Dataset content:
========================

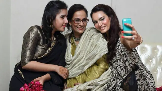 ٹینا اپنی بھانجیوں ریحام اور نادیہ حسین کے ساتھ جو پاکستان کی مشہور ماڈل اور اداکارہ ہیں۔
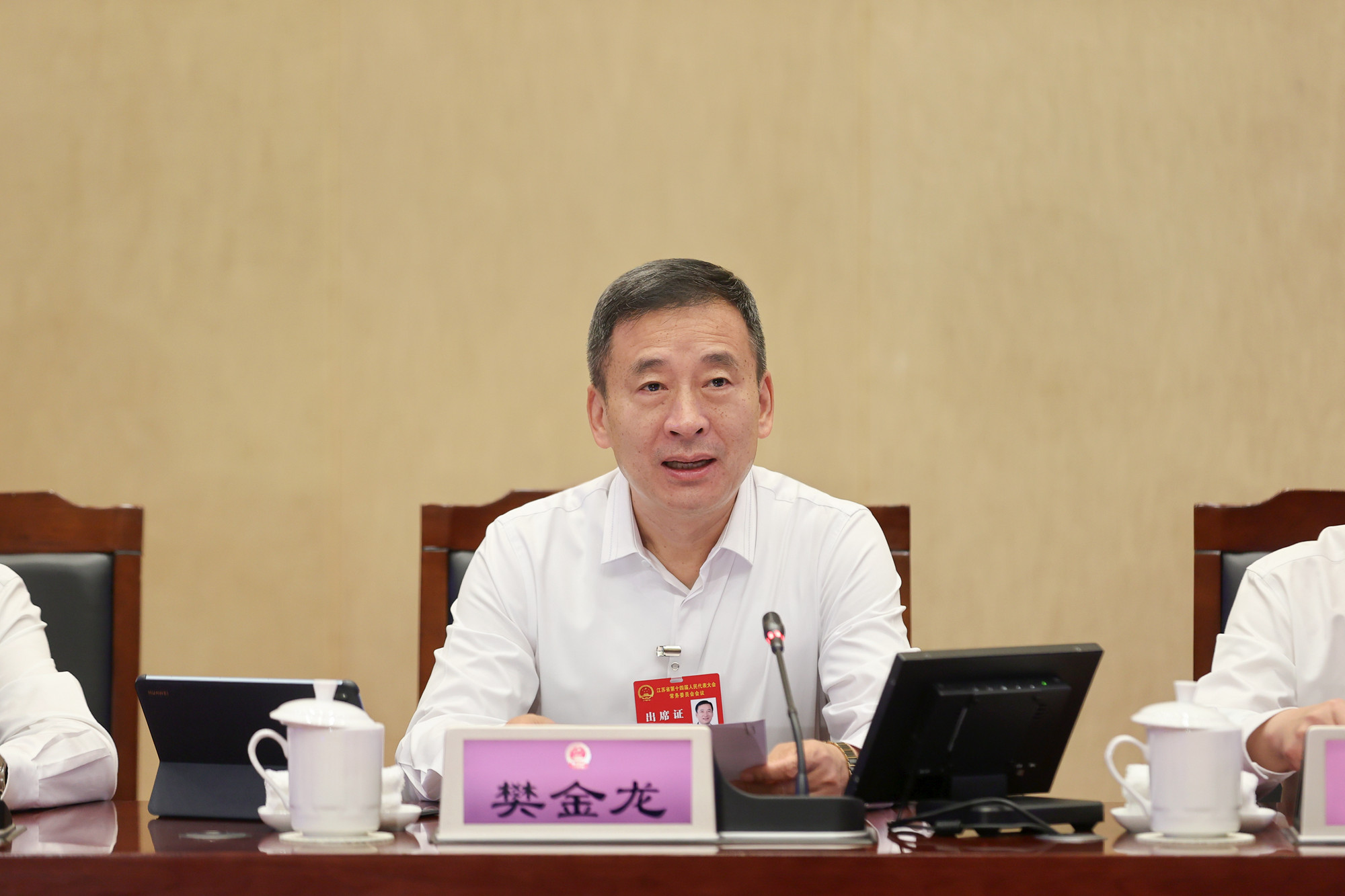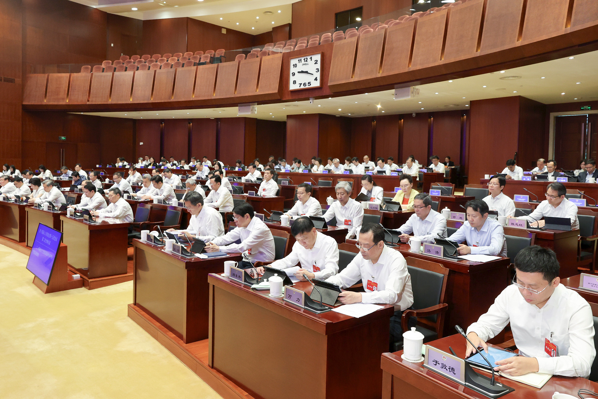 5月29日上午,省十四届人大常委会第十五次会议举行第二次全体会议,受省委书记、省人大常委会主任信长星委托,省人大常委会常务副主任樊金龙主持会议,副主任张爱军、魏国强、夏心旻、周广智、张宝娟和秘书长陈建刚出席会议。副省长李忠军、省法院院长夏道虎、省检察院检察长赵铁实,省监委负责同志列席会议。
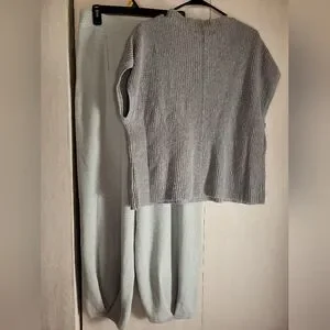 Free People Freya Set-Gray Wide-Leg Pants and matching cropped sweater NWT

========================

What you are asked to do:
Could you give the listing again exactly as it stands, minus any pictures?

Exercise solution:
 ٹینا اپنی بھانجیوں ریحام اور نادیہ حسین کے ساتھ جو پاکستان کی مشہور ماڈل اور اداکارہ ہیں۔
 5月29日上午,省十四届人大常委会第十五次会议举行第二次全体会议,受省委书记、省人大常委会主任信长星委托,省人大常委会常务副主任樊金龙主持会议,副主任张爱军、魏国强、夏心旻、周广智、张宝娟和秘书长陈建刚出席会议。副省长李忠军、省法院院长夏道虎、省检察院检察长赵铁实,省监委负责同志列席会议。
 Free People Freya Set-Gray Wide-Leg Pants and matching cropped sweater NWT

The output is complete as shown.